#### [Work required]
When you reach the line containing "大体はスーパー袋、ルアー、タ" in the records below, start copying exactly, and stop once you have copied the line containing "3+2 godine jamstva".

#### [Working data]
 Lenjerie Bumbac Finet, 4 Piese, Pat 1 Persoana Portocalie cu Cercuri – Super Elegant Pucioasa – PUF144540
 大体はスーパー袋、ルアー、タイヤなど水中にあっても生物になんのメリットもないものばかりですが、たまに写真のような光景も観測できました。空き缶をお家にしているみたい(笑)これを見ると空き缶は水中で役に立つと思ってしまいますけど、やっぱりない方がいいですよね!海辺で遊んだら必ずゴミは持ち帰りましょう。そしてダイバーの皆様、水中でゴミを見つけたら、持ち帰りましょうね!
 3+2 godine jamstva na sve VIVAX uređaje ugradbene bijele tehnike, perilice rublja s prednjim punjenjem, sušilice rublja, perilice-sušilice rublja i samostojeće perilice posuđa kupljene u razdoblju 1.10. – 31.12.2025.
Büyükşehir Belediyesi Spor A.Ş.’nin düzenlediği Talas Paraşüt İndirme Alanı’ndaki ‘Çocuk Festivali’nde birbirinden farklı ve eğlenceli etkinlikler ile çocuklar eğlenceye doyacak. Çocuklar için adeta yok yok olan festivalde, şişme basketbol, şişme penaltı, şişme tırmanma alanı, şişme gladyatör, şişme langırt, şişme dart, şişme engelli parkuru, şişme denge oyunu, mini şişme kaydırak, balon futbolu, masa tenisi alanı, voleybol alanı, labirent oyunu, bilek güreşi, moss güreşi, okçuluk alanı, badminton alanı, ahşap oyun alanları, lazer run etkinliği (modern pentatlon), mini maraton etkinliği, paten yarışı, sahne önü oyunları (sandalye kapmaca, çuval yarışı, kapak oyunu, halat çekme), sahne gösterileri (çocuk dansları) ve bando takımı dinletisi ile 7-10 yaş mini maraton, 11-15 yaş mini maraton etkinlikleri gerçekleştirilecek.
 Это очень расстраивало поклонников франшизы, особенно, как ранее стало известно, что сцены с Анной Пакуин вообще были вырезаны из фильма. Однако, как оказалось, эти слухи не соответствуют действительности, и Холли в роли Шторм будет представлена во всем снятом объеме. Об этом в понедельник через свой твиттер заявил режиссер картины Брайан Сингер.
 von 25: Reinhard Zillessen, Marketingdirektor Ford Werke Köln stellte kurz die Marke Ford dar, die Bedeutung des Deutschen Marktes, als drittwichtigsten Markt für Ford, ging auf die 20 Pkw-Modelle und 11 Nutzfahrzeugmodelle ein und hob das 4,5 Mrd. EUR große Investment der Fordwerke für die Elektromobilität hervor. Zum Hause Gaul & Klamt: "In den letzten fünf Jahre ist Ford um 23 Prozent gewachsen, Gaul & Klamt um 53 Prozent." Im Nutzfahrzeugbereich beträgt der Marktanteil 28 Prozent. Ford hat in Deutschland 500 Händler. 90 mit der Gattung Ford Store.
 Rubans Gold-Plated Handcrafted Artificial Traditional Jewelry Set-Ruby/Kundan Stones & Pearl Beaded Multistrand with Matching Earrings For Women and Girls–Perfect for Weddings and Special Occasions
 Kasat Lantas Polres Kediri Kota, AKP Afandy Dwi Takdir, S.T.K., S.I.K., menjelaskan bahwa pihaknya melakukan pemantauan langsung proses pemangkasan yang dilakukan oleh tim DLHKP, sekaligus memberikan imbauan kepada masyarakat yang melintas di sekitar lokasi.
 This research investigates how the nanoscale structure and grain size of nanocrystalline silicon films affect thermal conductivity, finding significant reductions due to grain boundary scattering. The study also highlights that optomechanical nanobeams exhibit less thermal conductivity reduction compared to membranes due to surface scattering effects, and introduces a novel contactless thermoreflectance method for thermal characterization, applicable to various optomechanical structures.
--
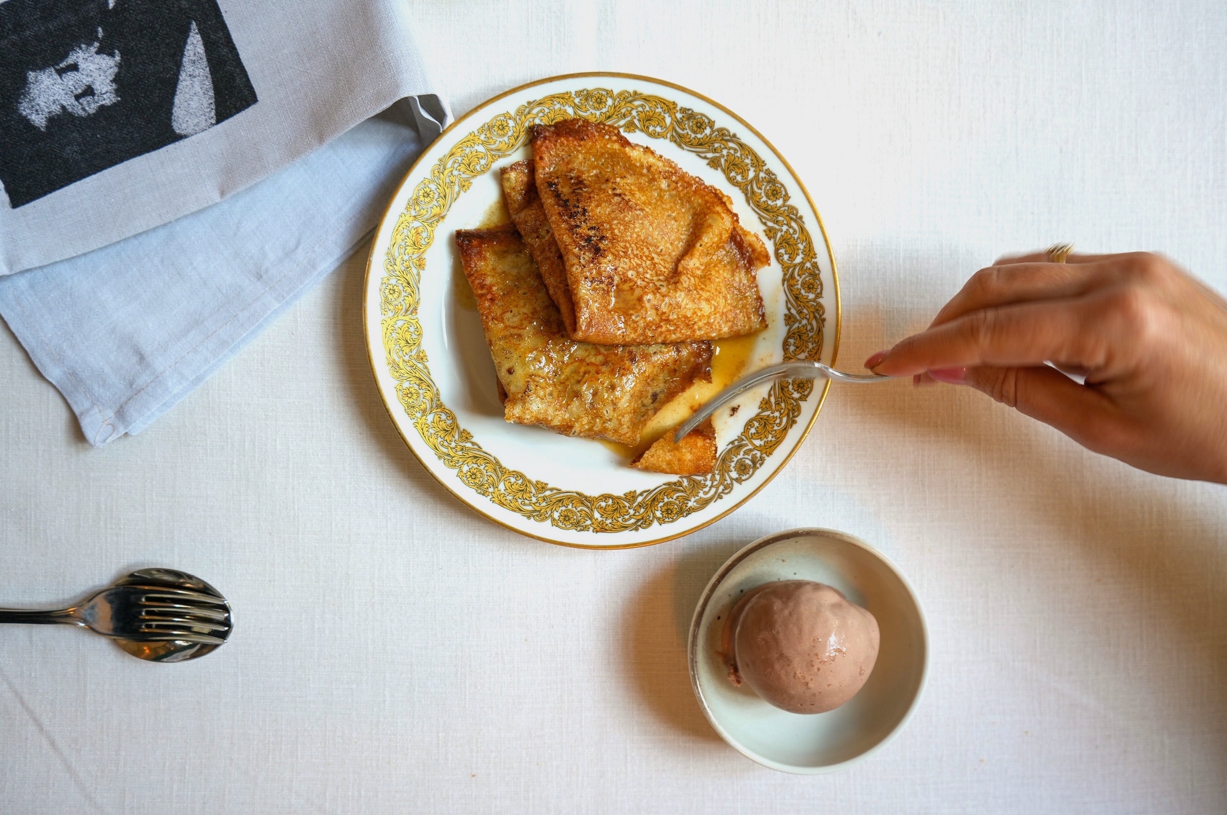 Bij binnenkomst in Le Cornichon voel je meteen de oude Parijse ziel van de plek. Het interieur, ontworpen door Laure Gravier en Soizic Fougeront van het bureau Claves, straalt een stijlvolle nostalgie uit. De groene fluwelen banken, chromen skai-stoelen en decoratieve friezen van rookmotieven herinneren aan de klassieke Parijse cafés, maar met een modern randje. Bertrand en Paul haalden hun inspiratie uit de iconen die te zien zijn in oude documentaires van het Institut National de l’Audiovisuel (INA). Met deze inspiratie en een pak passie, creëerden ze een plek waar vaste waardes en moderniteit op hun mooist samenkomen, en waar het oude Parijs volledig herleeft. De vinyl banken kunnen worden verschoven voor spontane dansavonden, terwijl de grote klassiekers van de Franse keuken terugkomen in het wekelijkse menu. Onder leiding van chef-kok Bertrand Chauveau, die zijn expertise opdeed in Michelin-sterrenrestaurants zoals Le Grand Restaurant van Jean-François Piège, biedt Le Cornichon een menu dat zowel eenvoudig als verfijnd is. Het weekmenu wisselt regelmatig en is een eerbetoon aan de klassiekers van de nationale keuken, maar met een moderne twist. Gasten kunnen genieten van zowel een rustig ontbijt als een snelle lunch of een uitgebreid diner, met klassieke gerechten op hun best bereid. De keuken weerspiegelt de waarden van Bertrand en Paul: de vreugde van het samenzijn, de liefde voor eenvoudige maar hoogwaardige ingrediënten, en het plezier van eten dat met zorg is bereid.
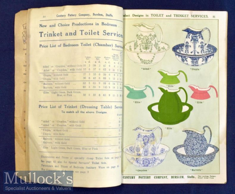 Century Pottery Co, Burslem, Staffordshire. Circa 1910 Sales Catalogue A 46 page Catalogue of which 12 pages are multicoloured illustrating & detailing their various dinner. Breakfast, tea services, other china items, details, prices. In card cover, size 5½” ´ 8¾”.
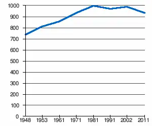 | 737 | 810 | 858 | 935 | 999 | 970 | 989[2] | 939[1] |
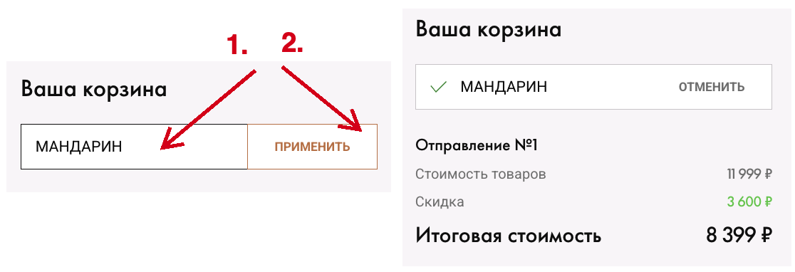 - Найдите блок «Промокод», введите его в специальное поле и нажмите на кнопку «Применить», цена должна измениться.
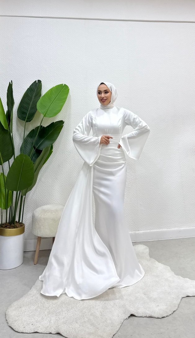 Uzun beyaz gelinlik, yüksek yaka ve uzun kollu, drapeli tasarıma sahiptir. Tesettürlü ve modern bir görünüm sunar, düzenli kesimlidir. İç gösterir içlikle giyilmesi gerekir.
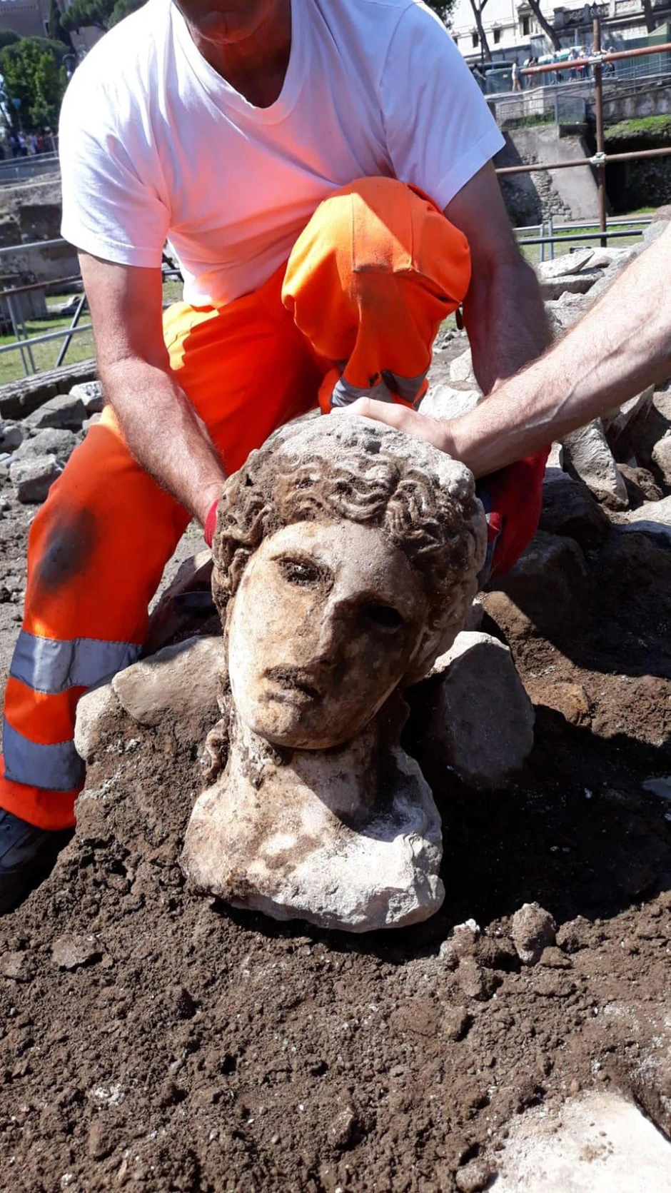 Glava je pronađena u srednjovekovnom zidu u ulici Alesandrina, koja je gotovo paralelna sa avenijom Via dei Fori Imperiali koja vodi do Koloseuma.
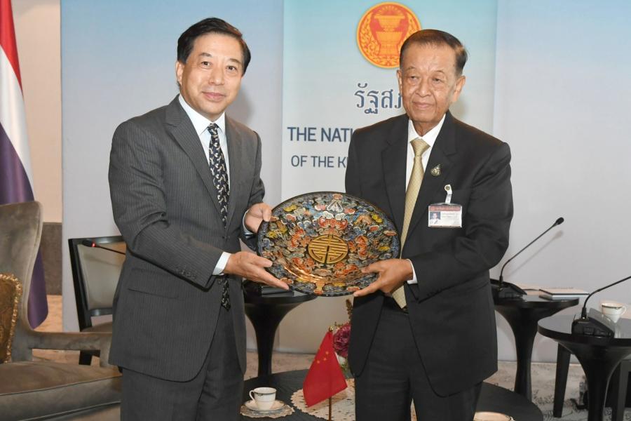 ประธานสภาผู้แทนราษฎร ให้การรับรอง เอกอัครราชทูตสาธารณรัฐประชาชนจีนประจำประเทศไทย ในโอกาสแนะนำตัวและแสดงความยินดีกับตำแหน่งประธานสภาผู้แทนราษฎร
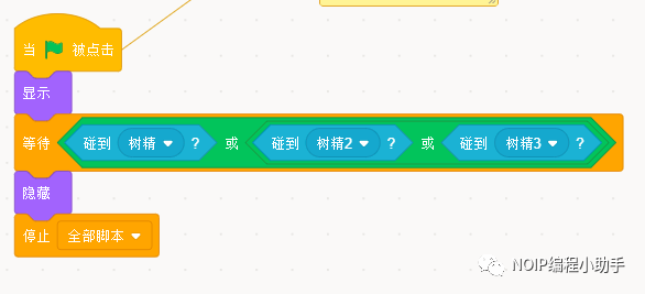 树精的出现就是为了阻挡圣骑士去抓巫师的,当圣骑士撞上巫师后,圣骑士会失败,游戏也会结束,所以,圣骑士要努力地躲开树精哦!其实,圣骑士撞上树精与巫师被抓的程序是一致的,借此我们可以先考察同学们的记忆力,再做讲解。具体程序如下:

#### [Exercise response]
 大体はスーパー袋、ルアー、タイヤなど水中にあっても生物になんのメリットもないものばかりですが、たまに写真のような光景も観測できました。空き缶をお家にしているみたい(笑)これを見ると空き缶は水中で役に立つと思ってしまいますけど、やっぱりない方がいいですよね!海辺で遊んだら必ずゴミは持ち帰りましょう。そしてダイバーの皆様、水中でゴミを見つけたら、持ち帰りましょうね!
 3+2 godine jamstva na sve VIVAX uređaje ugradbene bijele tehnike, perilice rublja s prednjim punjenjem, sušilice rublja, perilice-sušilice rublja i samostojeće perilice posuđa kupljene u razdoblju 1.10. – 31.12.2025.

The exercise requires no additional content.